Monday, April 9, 2012

"New is always better"

I just finished through the 2011 season of How I Met Your Mother on Mom's Netflix account (in exchange for the password, I've corrupted her favorites with beauties such as Baseketball and rated everything I watch as 5 stars.  Fair trade).  Anyway, the last episode was the best one yet (and you can trust me on that because I never make blanket statements), mostly because it was centered around Barney's rule of "new is always better."

There are many exceptions to this rule, namely Notre Dame football teams, the Chicago Cubs, and lacrosse being the cool new sport, but in general it's pretty good.  It's easy to get stuck in a rut and think that everything used to be better, but it's only because that part of our lives was figured out.  It was easy.  We know how things would have happened.  We can always be perfect in hindsight.

But we'd also be accepting something that isn't our best.

I get made fun of for my overuse of "It's the best day ever," but I do think that it's something that should be taken seriously.  After all, yesterday is a sunk cost.  It still matters on the balance sheet, it can't be erased, but there's also nothing that you can do to change it, so there's nothing to do but take what you have and create the absolute best possible outcome, the best day that can be made.

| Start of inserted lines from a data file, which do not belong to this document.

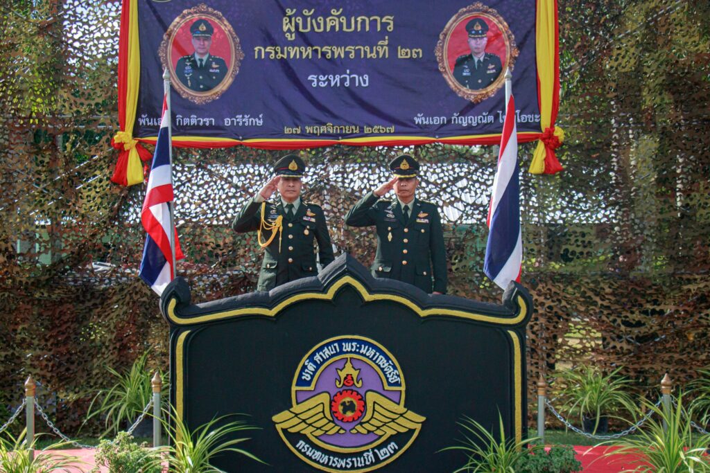 เมื่อวันที่ 27 พฤศจิกายน 2567 เวลา 1330 น. ที่กองบังคับการหน่วยเฉพาะกิจกรมทหารพรานที่ 23 ค่ายพิทักษ์อุทุมพรเขต ตำบลเมือง อำเภอกันทรลักษ์ จังหวัดศรีสะเกษ ได้จัดพิธีรับ – ส่งหน้าที่ ผู้บังคับการกรมทหารพรานที่ 23 ระหว่าง พันเอก กิตติวรา อารีรักษ์ ผู้บังคับการกรมทหารพรานที่ 23 (ท่านเก่า) และ พันเอก กัญญณัต ไชยโอชะ ผู้บังคับการกรมทหารพรานที่ 23 (ท่านใหม่) ภายหลังจากได้มีคำสั่งปรับย้ายนายทหารประจำปีของกองทัพบกให้มีตำแหน่งที่สูงขึ้น จากนั้นได้มีการลงนามในเอกสารรับ – ส่งหน้าที่ และส่งมอบการบังคับบัญชา พร้อมรับมอบธงประจำหน่วย โดยมี ผู้บังคับกองร้อยหน่วยขึ้นตรงหน่วยเฉพาะกิจกรมทหารพรานที่ 23, นายทหารฝ่ายอำนวยการ, และกำลังพลอาสาสมัครทหารพรานของหน่วยเข้าร่วมพิธี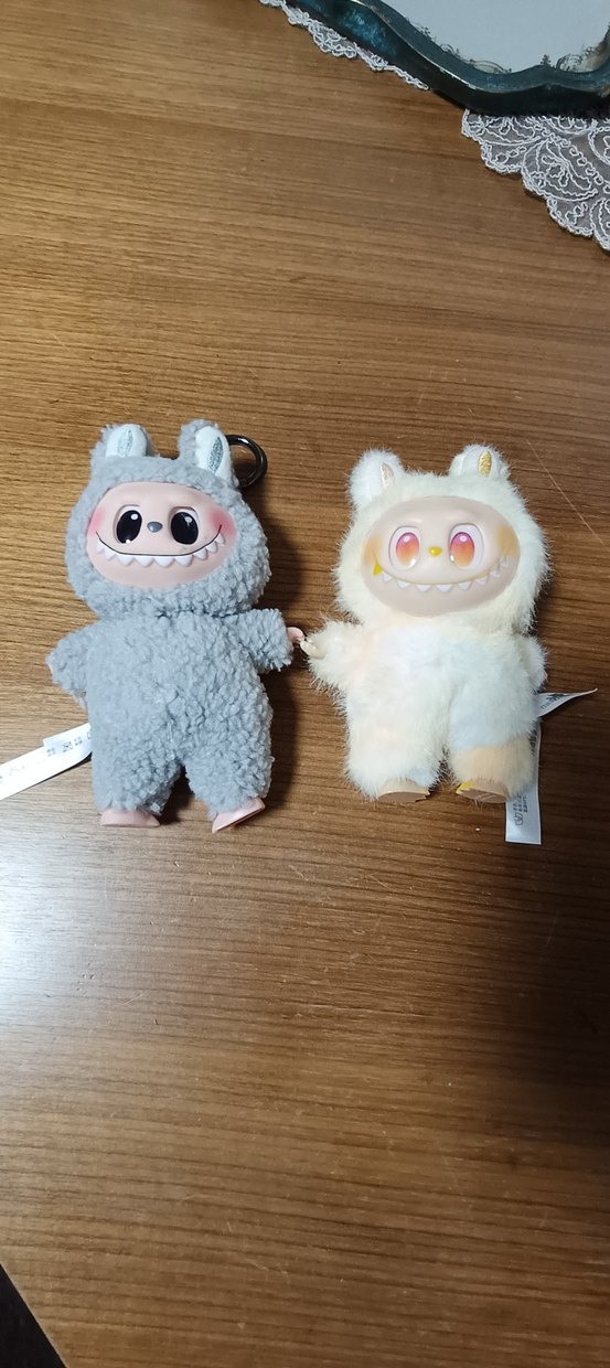 Gri ve beyaz renklerde, yumuşak tüylü dokusu ve sevimli yüz ifadeleri olan iki peluş oyuncak anahtarlık seti. Küçük kulakları ve anahtarlık halkaları bulunur.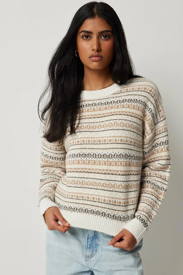 Ardene Fair Isle Sweater in White | Size | Polyester/Elastane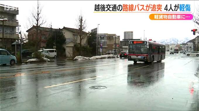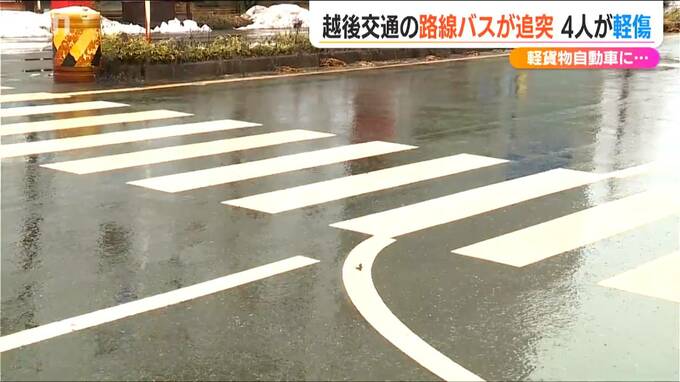 28日午前に新潟県長岡市今朝白の市道で、路線バスが軽貨物自動車に追突する事故があり、乗客ら4人が軽いけがをしました。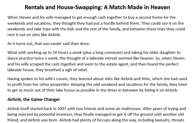 Article for the US market on the advantages of home swapping and services like Airbnb, specifically for a new service based on house-swapping credits.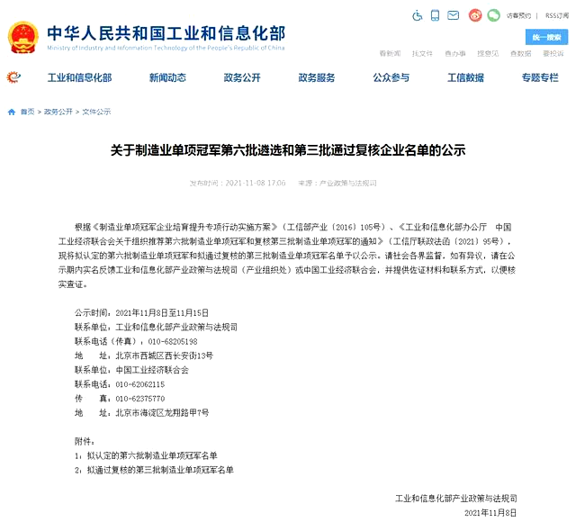 近日,工业和信息化部发布《关于制造业单项冠军第六批遴选和第三批通过复核企业名单的公示》,东方电子旗下威思顿电气(以下简称公司)“10kV高压电能表”成功入选国家第六批制造业单项冠军产品名单。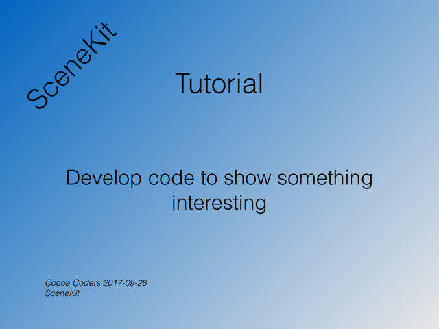 affect the world around me self.view.backgroundColor = UIColor.cyan // 1 create the view let minimalSceneKitView = self.view as! SCNView // 2 create the scene and attach it to the view let minimalSceneKitScene = SCNScene() minimalSceneKitView.scene = minimalSceneKitScene /// 3 create an object and attach the object to the scene via a node let sphereOne = SCNSphere(radius: 8.0) let sphereOneMaterial = SCNMaterial() sphereOneMaterial.diffuse.contents = UIColor.green sphereOne.materials = [sphereOneMaterial] let sphereOneNode = SCNNode(geometry: sphereOne) minimalSceneKitScene.rootNode.addChildNode(sphereOneNode) SceneKit // 4 create a camera and attach the camera to the scene via a node let cameraOne = SCNCamera() let cameraOneNode = SCNNode() cameraOneNode.camera = cameraOne cameraOneNode.position = SCNVector3Make(0.0, 0.0, 30.0) minimalSceneKitScene.rootNode.addChildNode(cameraOneNode) // 5 create a light and attach the light to the scene via a node let lightOne = SCNLight() let lightOneNode = SCNNode() lightOneNode.light = lightOne lightOneNode.position = SCNVector3Make(-30.0, 30.0, 50.0) minimalSceneKitScene.rootNode.addChildNode(lightOneNode)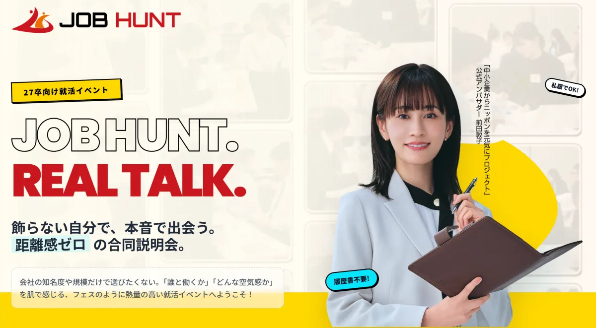 株式会社HRteam(東京都渋谷区)が運営する対話型就活マッチングイベント「JOB HUNT」が、サイトをリニューアルしました。このリニューアルは、就活生が抱える「本当の企業の姿が知りたい」「自分の魅力を理解してほしい」といった声に応え、就活のあり方を根本から見直す試みです。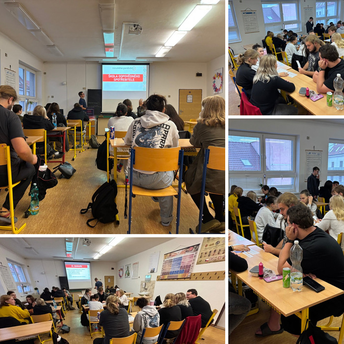 Workshop Škola odpovědného spotřebitele proběhl na naší škole pro žáky nástavbového studia. Studenti získali užitečné informace o spotřebitelských právech, reklamacích či nákupech mimo kamenné prodejny a vše si procvičili na praktických příkladech. Akce byla realizována ve spolupráci s organizací AISIS, z. ú. a Ministerstvem průmyslu a obchodu ČR. Děkujeme za cenné zkušenosti!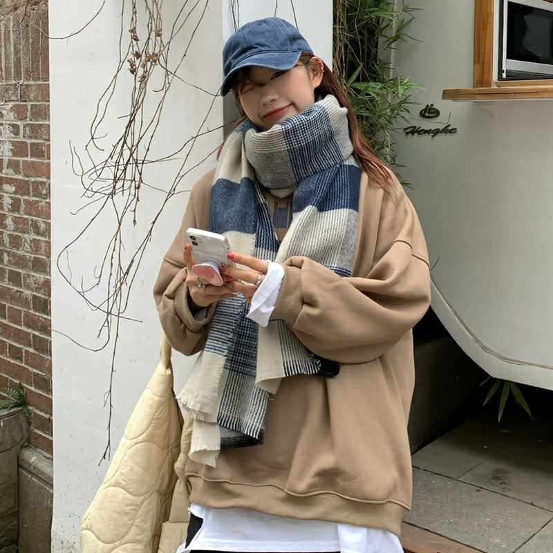 Women's Korean Style Plaid Imitation Cashmere Scarf Shawl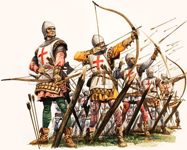 ინგლისელებმა მაღლობზე დაიკავეს პოზიციები. მათი ლაშქარი სამ ჯგუფად დანაწილდა: თითოეულის ცენტრში ქვეითი რაინდები იდგნენ, უკან – შუბოსნები, ხოლო ფლანგებზე მშვილდოსნები იდგნენ. წინ სარები ჰქონდათ ჩარჭობილი, რათა მტრის კავალერიის იერიშები შეეკავებინათ.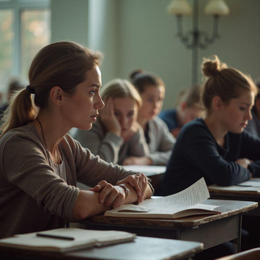 На одной из последних парт сидела Марина Ильина, учительница с мягкими глазами цвета темного ореха и аккуратно заплетёнными в узел седыми волосами. Её тонкая фигура была укутана в потертый кардиган, который не скрывал усталости, но излучал теплоту. Несмотря на годы в профессии, её усталое, но гордое лицо не теряло выражения глубокой заботы о детях. Она выглядела чужой среди бегущих мимо учеников – её скромная одежда и тихая речь явно отличались от городской суеты и шумного потока подростков. В её взгляде мелькала тяжелая печаль, словно неслышная борьба с невидимыми демонами, которая уже давно не отпускала её.

Were there days that were absolutely amazing?  Were there periods of our lives that we thought that everything was completely figured out?  Were we kings of our worlds for brief periods of time?  Yes, yes, and yes.  But would we want to relive those days in a loop forever?  I say no.

It's easy to look back and see what didn't work and wish that it did, but the truth is that it didn't, for whatever reason, and even if we revisit it every once in a while, we shouldn't have to re-enact it.  What's through is through and what's done is done.  Today in church our minister used the phrase, "from history to mystery," while describing the Easter story.  I think that applies here too.  History is done and the future is a mystery, but just because it's a mystery doesn't mean it shouldn't be taken on.  There's a reason that things end.  There are new beginnings waiting, and these new beginnings are always better.